## WHAT TO DO
Could you repeat exactly the lines below, from the line containing "Софья Серова и" through the last one, both included, while leaving out any pictures?
***** MATERIAL SHOWN
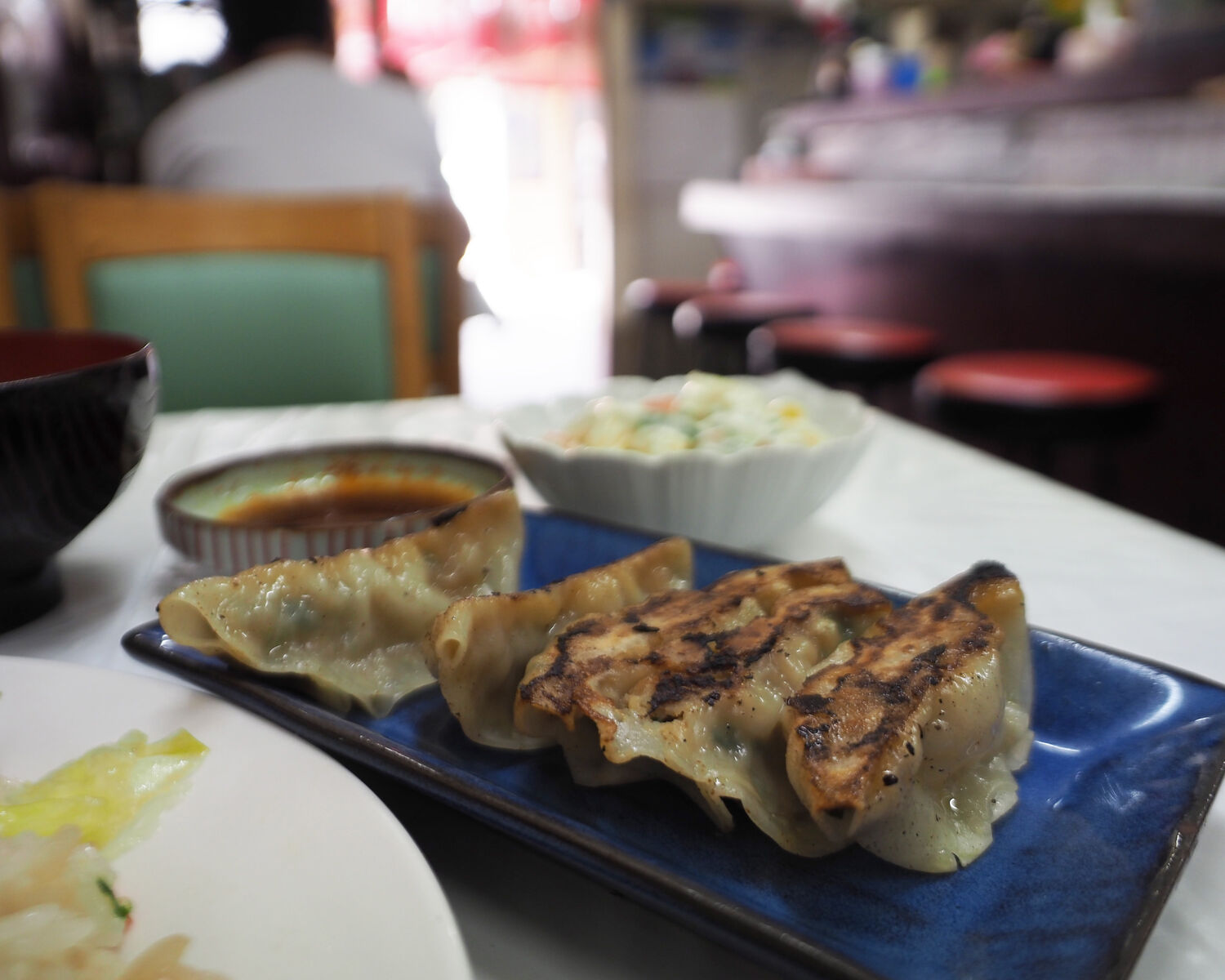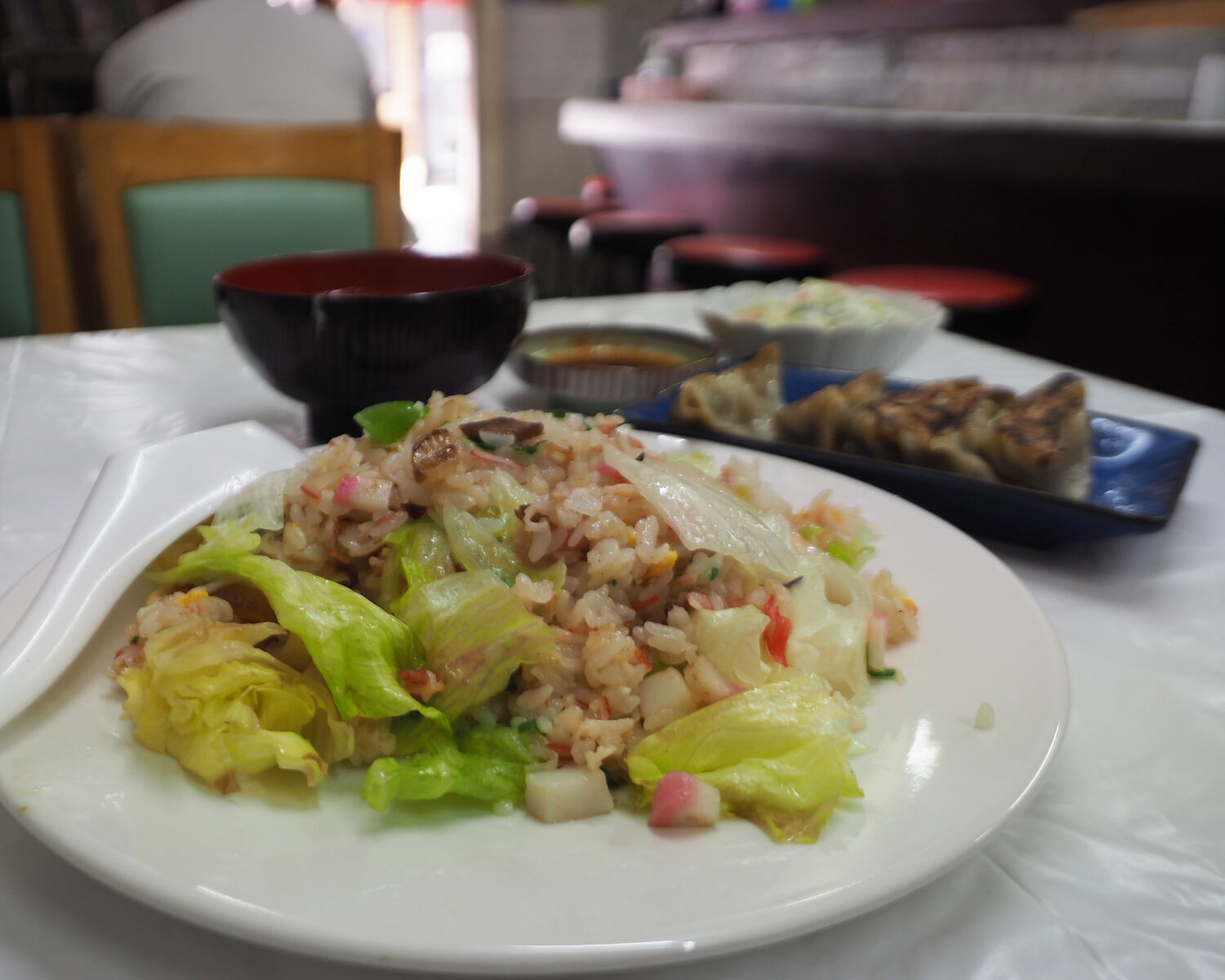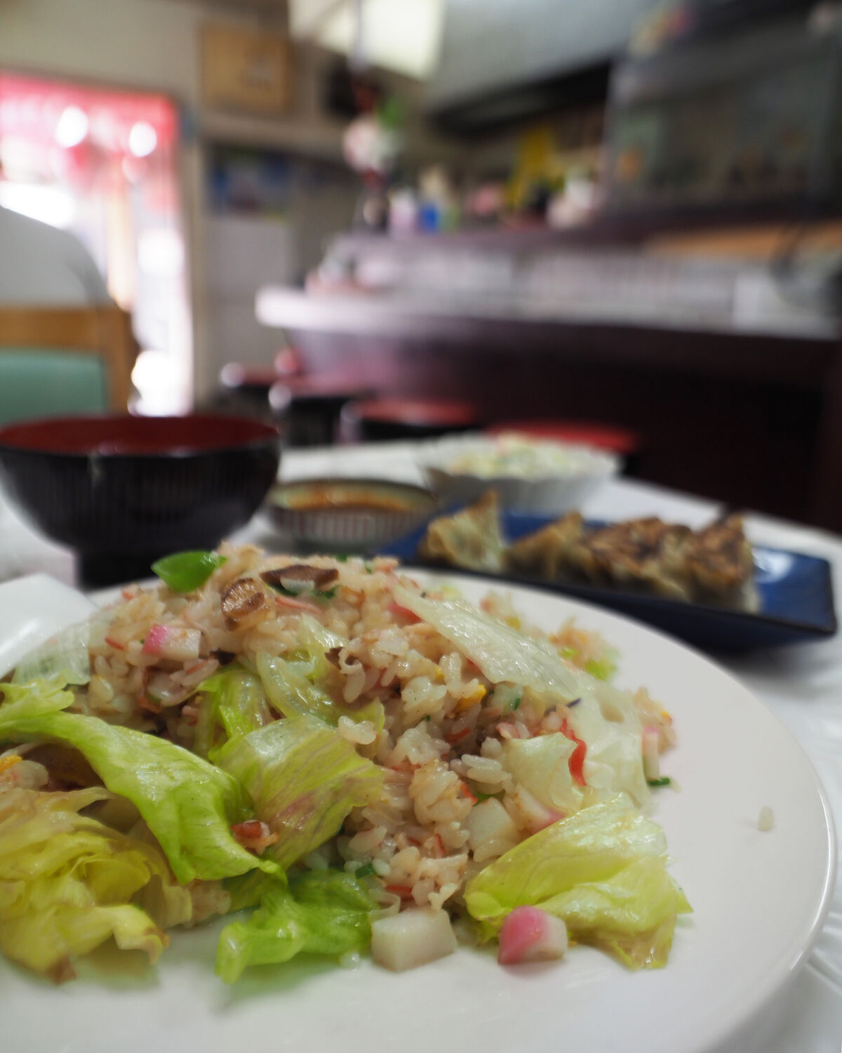 “きたなトラン出演記念”とある「肉天ぷら・炒飯セット」にも惹かれましたが、着席する前に厨房内で餃子を包んでいるところを見かけていたことから「カニレタス炒飯」を餃子5ケとサラダが付くAセットでいただくことにいたします
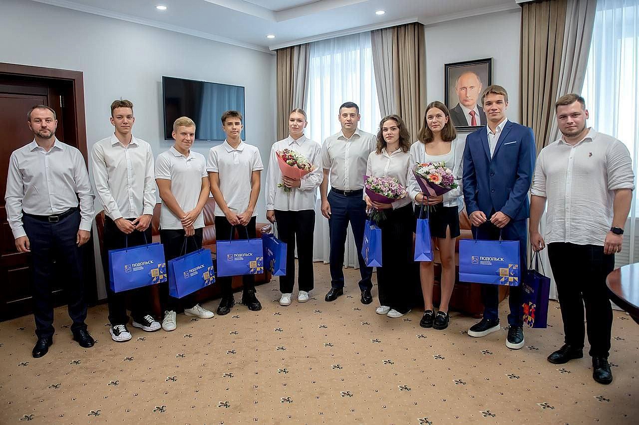 Софья Серова и Степан Горюнов со дня на день отправятся в Екатеринбург на Кубок России. О том, что они хотели бы выступить на важнейших соревнованиях в экипировке с эмблемой Подольска, рассказали лично Григорию Артамонову на встрече в день Молодёжи. Пару недель спустя лучшие пловцы округа в приёмной главы.
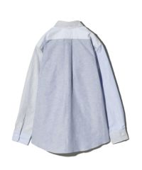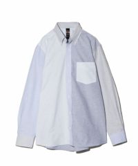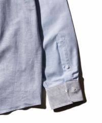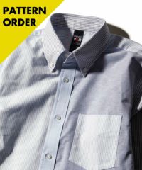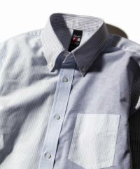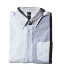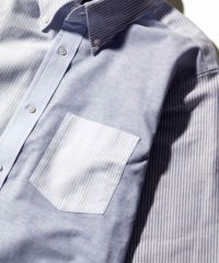 無地のオックスフォード生地2色とロンドンストライプ2色の4生地を組み合わせたクレイジーパターンシャツです。色味を合わせることで派手すぎず使いやすさを重視。チノパンはもちろん、デニムやネクタイ合わせにも使える遊び心をプラスしたオックスフォードシャツに仕上げました。
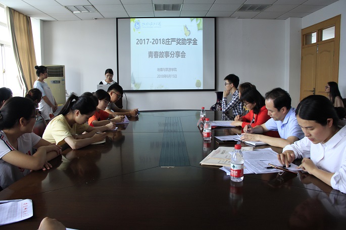 本网讯(新闻中心 赵云飞)2018年6月15日下午,永利集团3044官网欢迎您2017-2018学年庄严奖助学金青春故事分享会在地旅学院行政楼四楼会议室顺利召开,院党委副书记乔静、副院长赵冬梅、辅导员王美以及获得庄严奖助学金的各位同学参加了本次会议。
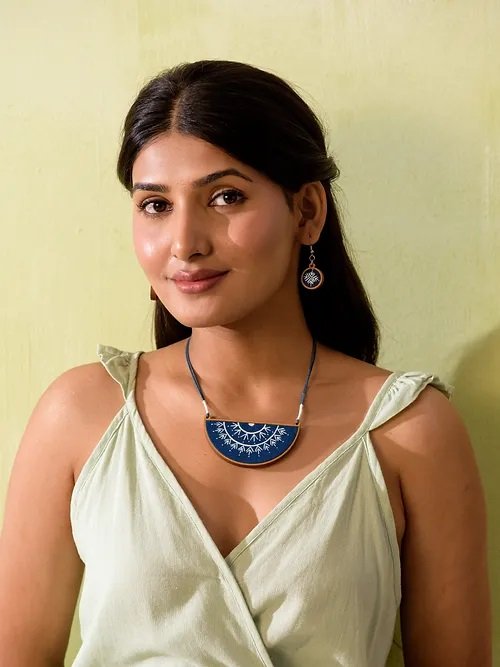 The fashion industry generates a huge amount of cutting waste. About 15% of fabric gets wasted during the cutting of the garment. In this collection, we've upcycled this waste into beautiful fabric, creating lovely jewelry pieces and contributing to a sustainable society.
**********
## ANSWER SECTION
 Софья Серова и Степан Горюнов со дня на день отправятся в Екатеринбург на Кубок России. О том, что они хотели бы выступить на важнейших соревнованиях в экипировке с эмблемой Подольска, рассказали лично Григорию Артамонову на встрече в день Молодёжи. Пару недель спустя лучшие пловцы округа в приёмной главы.
 無地のオックスフォード生地2色とロンドンストライプ2色の4生地を組み合わせたクレイジーパターンシャツです。色味を合わせることで派手すぎず使いやすさを重視。チノパンはもちろん、デニムやネクタイ合わせにも使える遊び心をプラスしたオックスフォードシャツに仕上げました。
 本网讯(新闻中心 赵云飞)2018年6月15日下午,永利集团3044官网欢迎您2017-2018学年庄严奖助学金青春故事分享会在地旅学院行政楼四楼会议室顺利召开,院党委副书记乔静、副院长赵冬梅、辅导员王美以及获得庄严奖助学金的各位同学参加了本次会议。
 The fashion industry generates a huge amount of cutting waste. About 15% of fabric gets wasted during the cutting of the garment. In this collection, we've upcycled this waste into beautiful fabric, creating lovely jewelry pieces and contributing to a sustainable society.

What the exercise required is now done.